I’ll never forget standing in the center of the main floor of that house, simply directing traffic because there were so many people there to help. I had never before witnessed such an effective and heartfelt response. The people who showed up came with a unique spirit about them, and the work was accomplished almost as a by-product. When the two women finally arrived to help get the move started, they were astonished to discover all the work had already been completed. They were brought to tears. Before they could even get back to their house, we had them moved, and everything was already accomplished.

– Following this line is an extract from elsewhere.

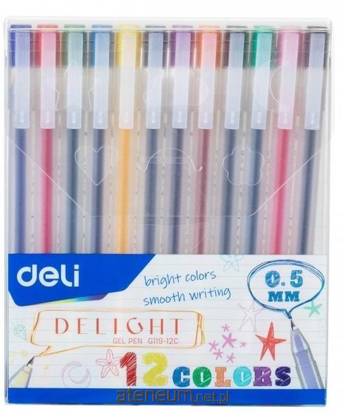 Zestaw 12 kolorów żelowych długopisów DELI to idealne narzędzie do szkolnych notatek, kolorowych projektów oraz organizacji czasu i planowania. Model G119-12C zapewnia płynne pisanie na każdym rodzaju papieru, utrzymując jednolitą grubość linii. Opakowanie wykonane z miękkiego plastiku jest wielokrotnego użytku, a ergonomiczny kształt długopisów zapewnia komfort nawet przy długim pisaniu. Transparentna obudowa umożliwia kontrolę ilości tuszu, a 0,5 mm grubość pisania zapewnia precyzję. Kolory w zestawie to: Ciemny Niebieski, Pomarańczowy, Jasnoniebieski, Czerwony, Zielony, Brązowy, Żółty, Fioletowy, Jasnozielony, Niebieski, Czarny, Różowy.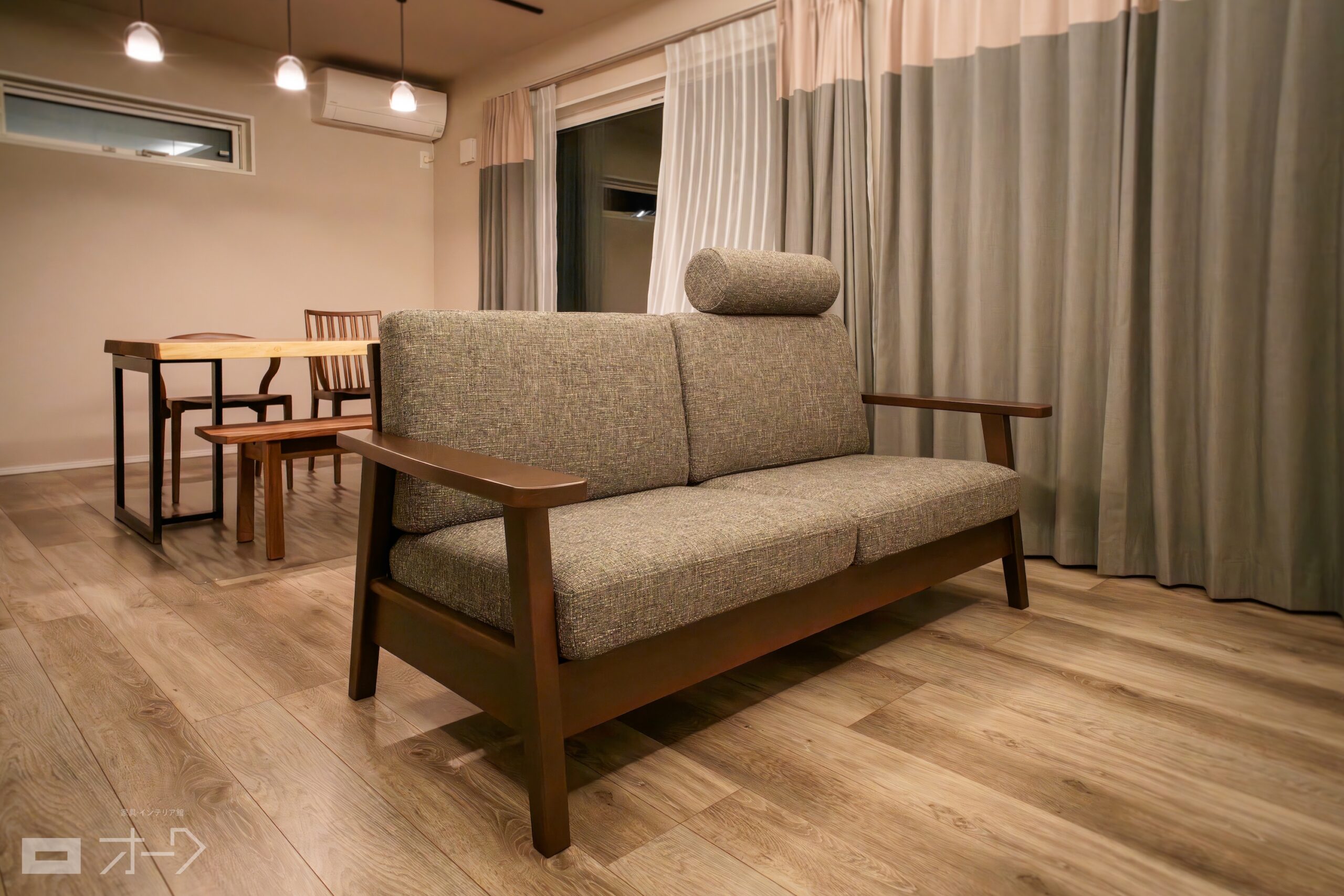リビングスペースには、ブラックウォールナット無垢材のソファをお選びいただきました。フレームの素材は椅子・ベンチと統一させつつ、カバーは色味を加えずに暗めのグレーで落ち着いた印象に仕上がっており、ニュアンスカラーの効いた空間によく馴染んでいます。

When I got back to my office later that night, I still had the same pressing deadlines and projects that I did earlier in the day. But, I felt differently about myself and the world. Most importantly, I knew that I had finally overcome my excuses, and had stepped up to the plate and an amazing result followed.
Heroes: The Power of Being Deliberate
There is a power that comes with deliberateness. In both of these stories, which were actual occurrences in my life, there were clear, small but significant moments when I learned something very powerful. I learned something of the difference between acting and being acted upon. I felt the difference between being a victim of circumstance and a hero who had chosen to act deliberately. In those minutes, a brief glance through the mundane in life, I knew that I had chosen to be an agent, a hero, and even in a very meaningful but humble way, one who had in those instances acted deliberately to create a better world.
Much of life is about finding importance and making a difference. The answer to our search is unique for each of us, as unique as the individual situations and challenges we face each day. I have learned through my own experience something of the sacred and amazing possibilities that lay at the core of why each of us is here on the earth. Through many small moments like these two experiences, I have come to know that being very deliberate in my efforts has enabled me to tap into the power of a hero, which is literally the power to change the world.
Endnote: I originally wrote this essay several years ago. This past halloween, as I saw my children getting dressed up in their costumes I was happy to see them thinking about heroes. Its interesting how invincible young children act when they are “pretending” to be a hero – as if they are freed from rational restrictions and burdens. As I saw this, I thought back to this essay. I still think it needs to be re-written, its clumsy and disjointed, but the truth of the message is powerful. I remain convinced that within the immediate grasp of anyone reading this essay is the possible choice of living the hero’s life, and to begin a new or better path of choosing to act for oneself, and refusing to live a life of being acted upon. Its possible, and its a better way to live.